1. Index of DPC routine to be called from a created patchguard DPC for checking the
patchguard context. It may be one of these:
// These ones don't use exception handlers to fire checks
KiTimerDispatch (copied to random pool allocation)
KiDpcDispatch (copied into patchguard context)
// These use exception handlers to fire patchguard checks
ExpTimerDpcRoutine
IopTimerDispatch
IopIrpStackProfilerTimer
PopThermalZoneDpc
CmpEnableLazyFlushDpcRoutine
CmpLazyFlushDpcRoutine
KiBalanceSetManagerDeferredRoutine
ExpTimeRefreshDpcRoutine
ExpTimeZoneDpcRoutine
ExpCenturyDpcRoutine

Also those 10 DPCs are regular system DPCs with useful payload, but when they encounter a
DeferredContext which has non-canonical address, they fire a corresponding
KiCustomAccessRoutine function.

These functions are only called when an appropriate scheduling method is used (0, 1, 2, 5)

2. Scheduling method:

These are the methods that are used to fire a patchguard DPC object that is created inside
"KiInitializePatchGuardContext" function.


  • KeSetCoalescableTimer (0). A timer object is created with a random fire period between 2 minutes and 2 minutes and 10 seconds.
  • Prcb.AcpiReserved (1). In this case a patchguard DPC is fired when a certain ACPI event occurs, f.e. transitioning to idle state. In this case "HalpTimerDPCRoutine" checks if 2 minutes have passed since last queued by itself DPC, and queues another one, taken from Prcb.AcpiReserved field.
  • Prcb.HalReserved (2). Here a patchguard DPC is queued when HAL timer clock interrupt occurs, in the "HalpMcaQueueDpc". It is also done with 2 minutes period at least.
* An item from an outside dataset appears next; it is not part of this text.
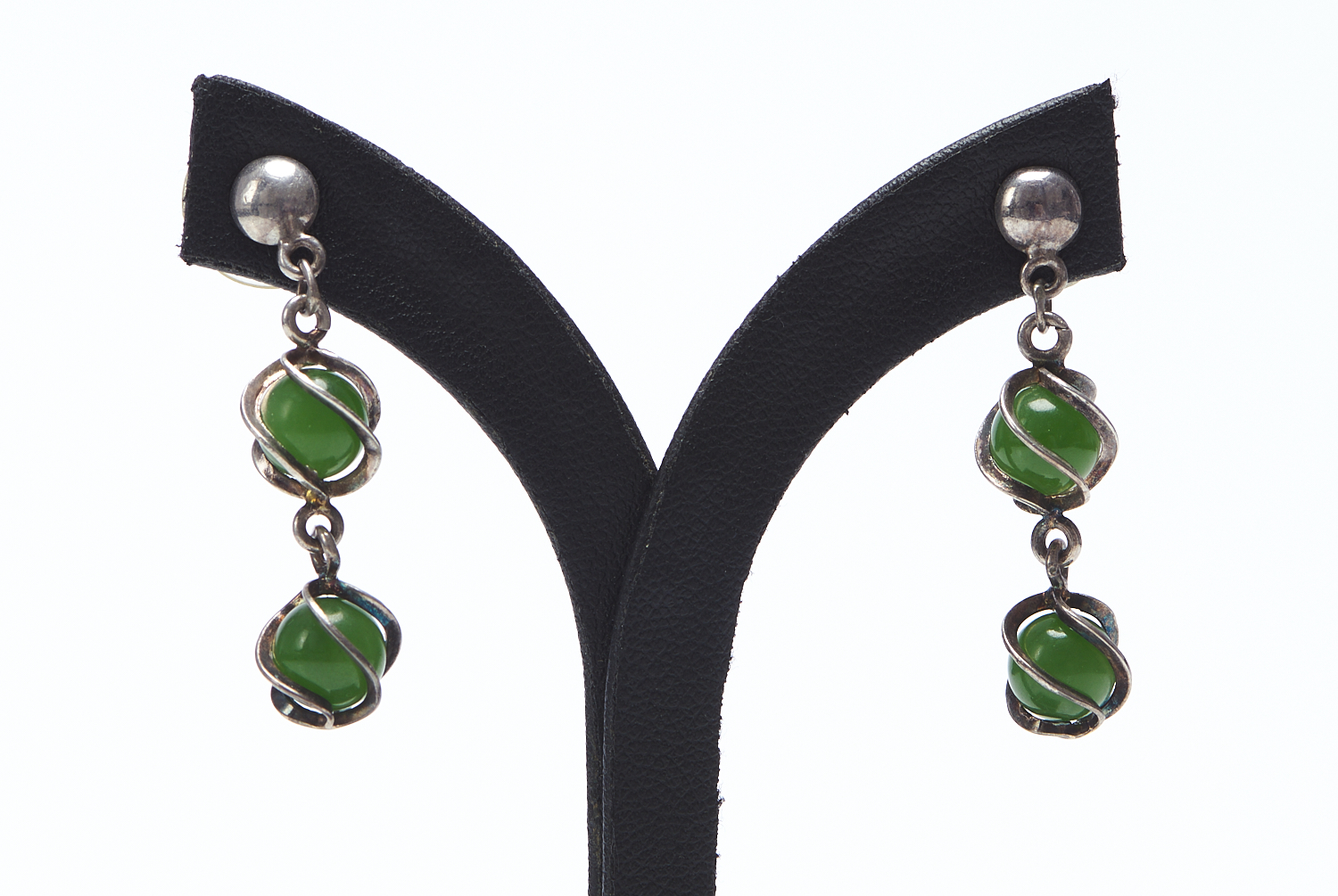 A PAIR OF NEPHRITE EARRINGS IN SILVER, TO POST FITTINGS, LENGTH 3.5CMS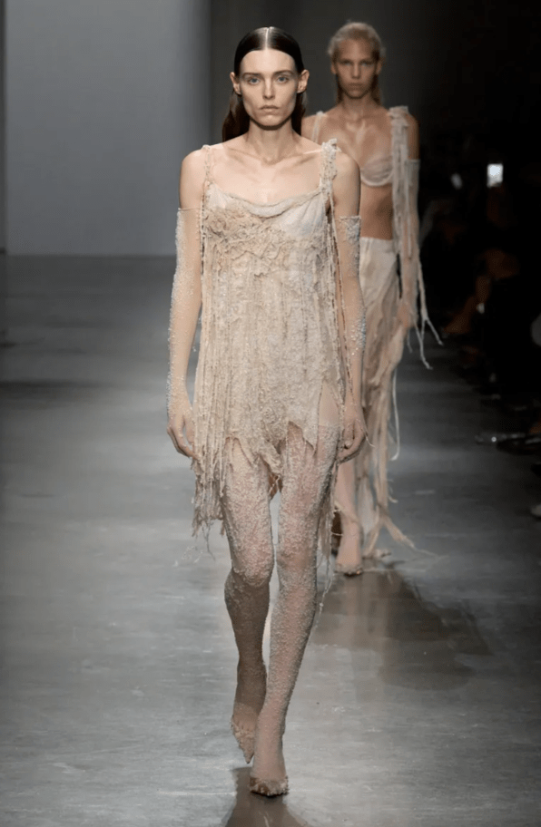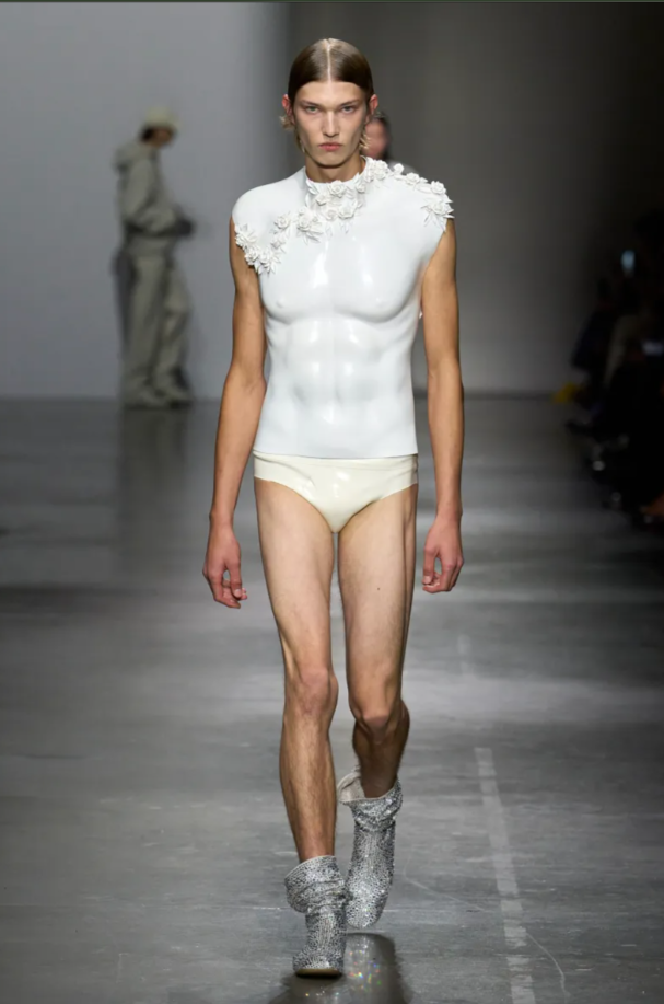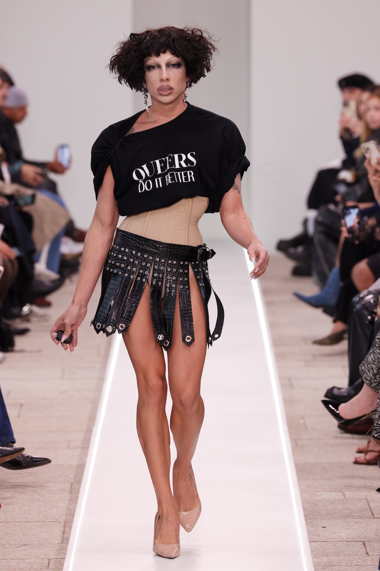 La collezione è quasi un’autopsia emotiva della scena clubbing, trasformata in capi e visioni. Il casting? Icone vere della notte. Nessuna modella da showroom, ma persone vere, carne viva, comunità. Una sfilata che è un atto d’amore, ma anche di rivendicazione. Applausi veri.

Queued patchguard DPC is taken from Prcb.HalReserved field.
  • PsCreateSystemThread (3). In this case, patchguard DPC routine is not used, as instead a system thread is created. The thread procedure is taken from KI_FILTER_FIBER_PARAM structure. Patchguard DPC in turn is used just as a container of the address of a newly created patchguard context.
  • KeInsertQueueApc (4). This time a regular kernel APC is queued to the one of the system threads with "KiDispatchCallout" APC procedure. No patchguard DPC is fired also. System thread is chosen based on its start address, i.e. it must be equal to either PopIrpWorkerControl or CcQueueLazyWriteScanThread.
  • KiBalanceSetManagerPeriodicDpc (5). Patchguard DPC is stored in a global variable named "KiBalanceSetManagerPeriodicDpc". It is queued in "KiUpdateTimeAssist" function and "KeClockInterruptNotify" function within every "KiBalanceSetManagerPeriod" ticks.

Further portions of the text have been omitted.